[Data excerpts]

===

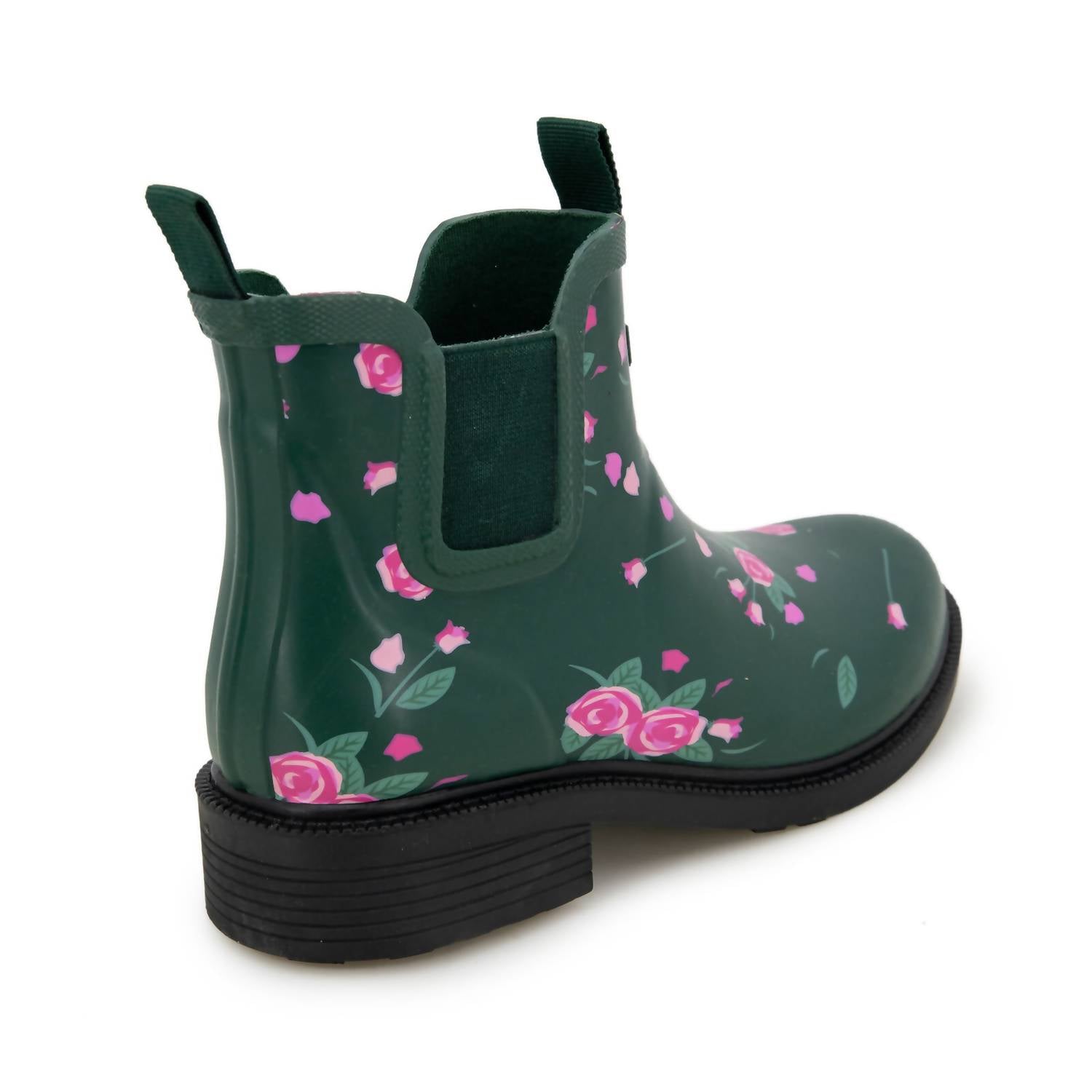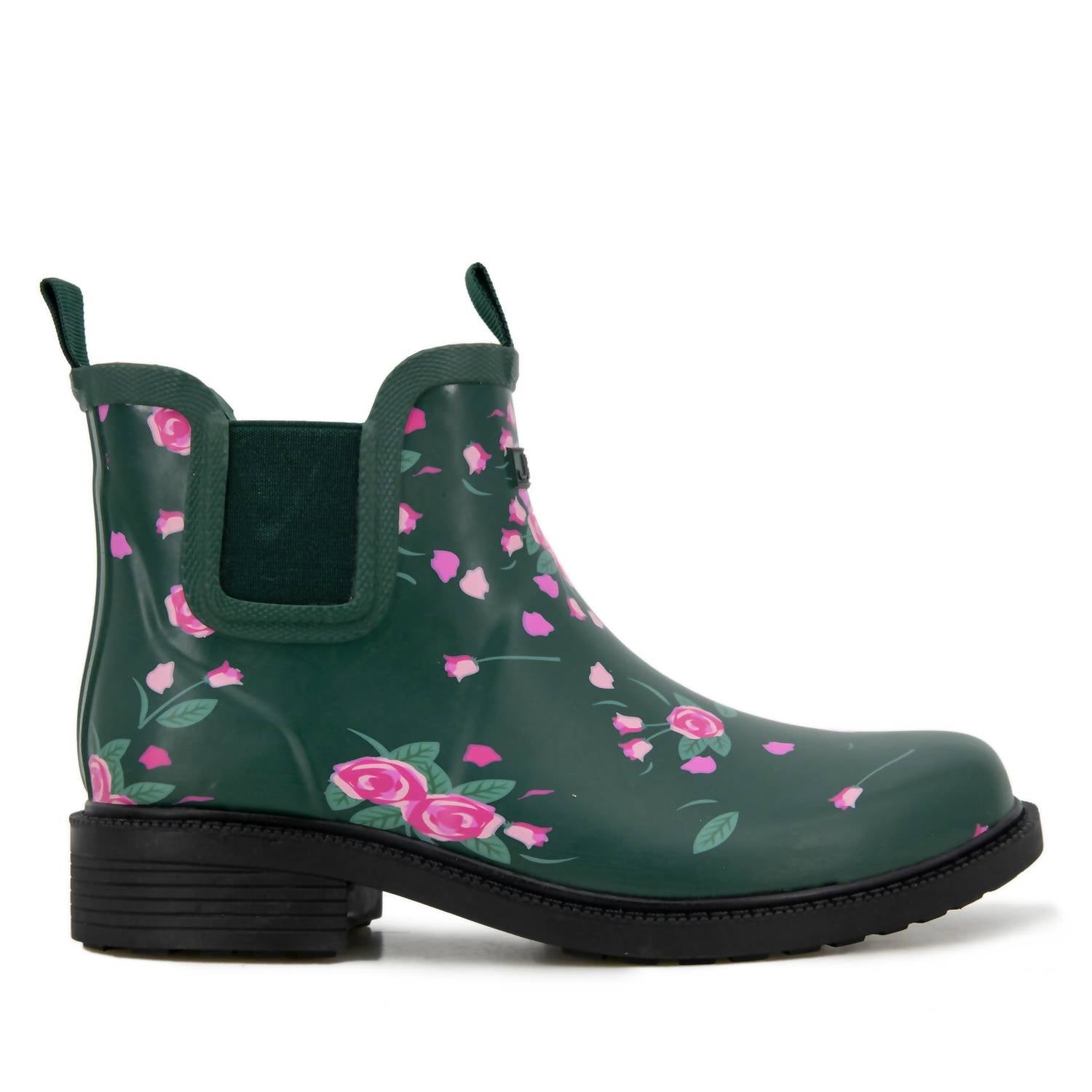 Rainy day? No problem! The cutest and most comfortable rainboots of the season.Comfortable polyester lining. Rubber outsole with Hunter Original tread pattern. Elastic side gussets and nylon pull-tab. Green floral print. Waterproof.
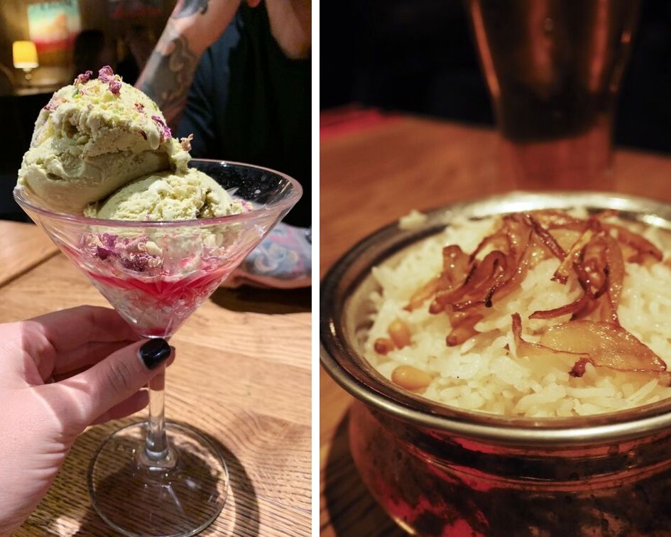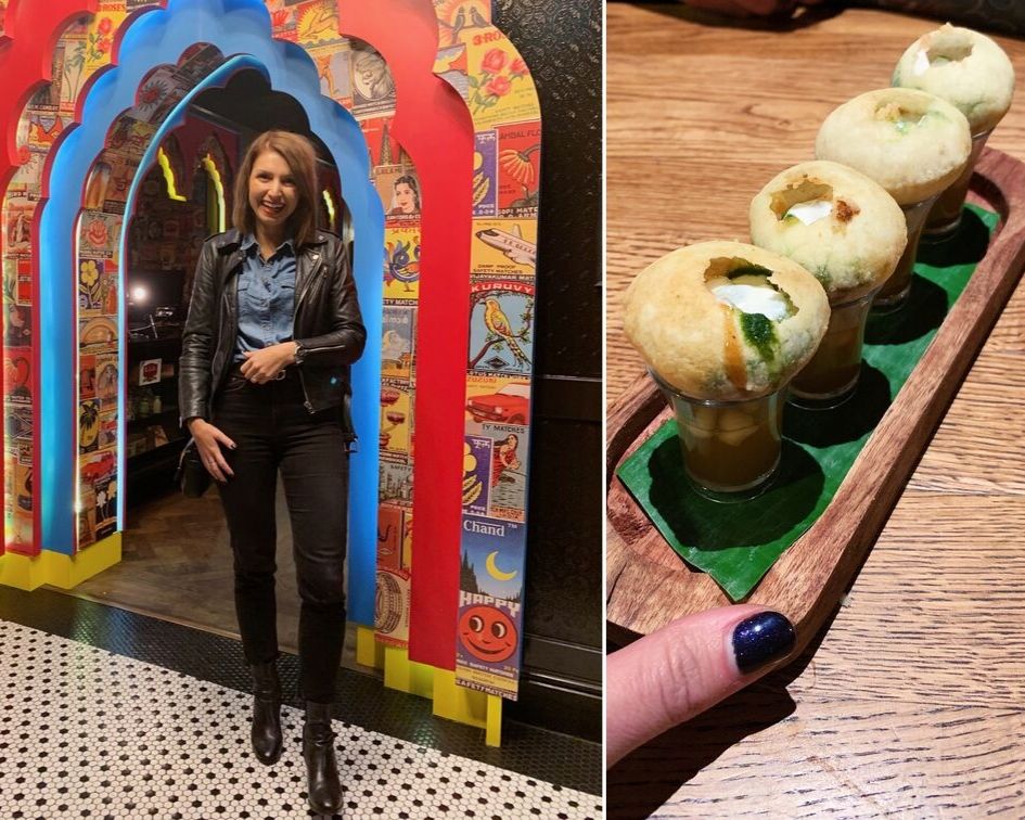 For dessert we tried the pistachio kulfi which was actually lovely and had such a strong pistachio flavour but, the dried rose petals on top and a strange stringy base made it all a bit strange. Another odd thing we had which, in all fairness the waitress told us was a love it or hate it thing were the Dahi Golgappa – a chatpata snack from Mumbai which are crispy puffed puris stuffed with potatoes, chickpeas & sweet, sour and spicy house chutneys but have a really strange texture when you bite into them as you have to put the whole thing in your mouth which is a bit unpleasant to be honest! Finally, I tried a cocktail that was very strong in terms of the vodka that was in it and just wasn’t to my personal taste but I think this was probably just me choosing something wrong.
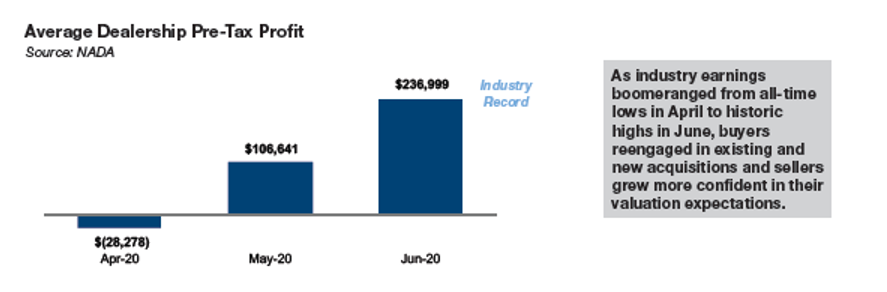 As we mentioned above, deal activity from March through May was paused for numerous reasons. First, having to perform the due diligence process virtually reduces the likelihood of a transaction between two parties that don’t know each other well, even if both sides were eager to press forward. Widening gaps in valuations between buyers and sellers also made sellers less likely to relinquish their assets in a spiraling economic climate at the onset of the virus. After all, for many families, their auto dealership is the principal asset on the family balance sheet, and owners were wise to hold tight to their assets in a spiraling economic climate.
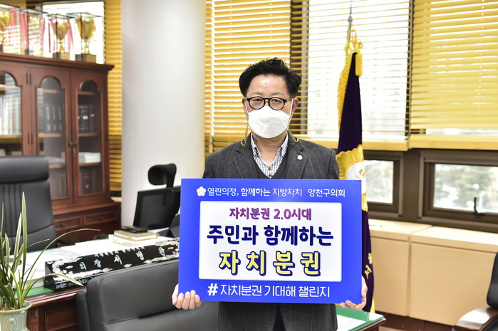 서병완 서울 양천구의회 의장은 지난 22일, 자치분권 2.0 시대의 개막을 응원하기 위해 ‘자치분권 기대해’ 챌린지에 동참했다.
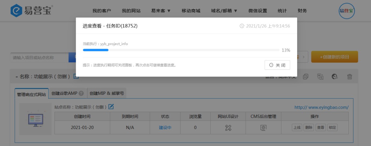 4,登录B账号,在项目列表里就会都显示复制的网站了。复制出的网站可自行修改,不影响原网站。

===

Exercise:
Every line from the one bearing "서병완 서울 양천구의회" through the end of the data above must be output exactly, and no picture may appear.

Response to this exercise:
 서병완 서울 양천구의회 의장은 지난 22일, 자치분권 2.0 시대의 개막을 응원하기 위해 ‘자치분권 기대해’ 챌린지에 동참했다.
 4,登录B账号,在项目列表里就会都显示复制的网站了。复制出的网站可自行修改,不影响原网站。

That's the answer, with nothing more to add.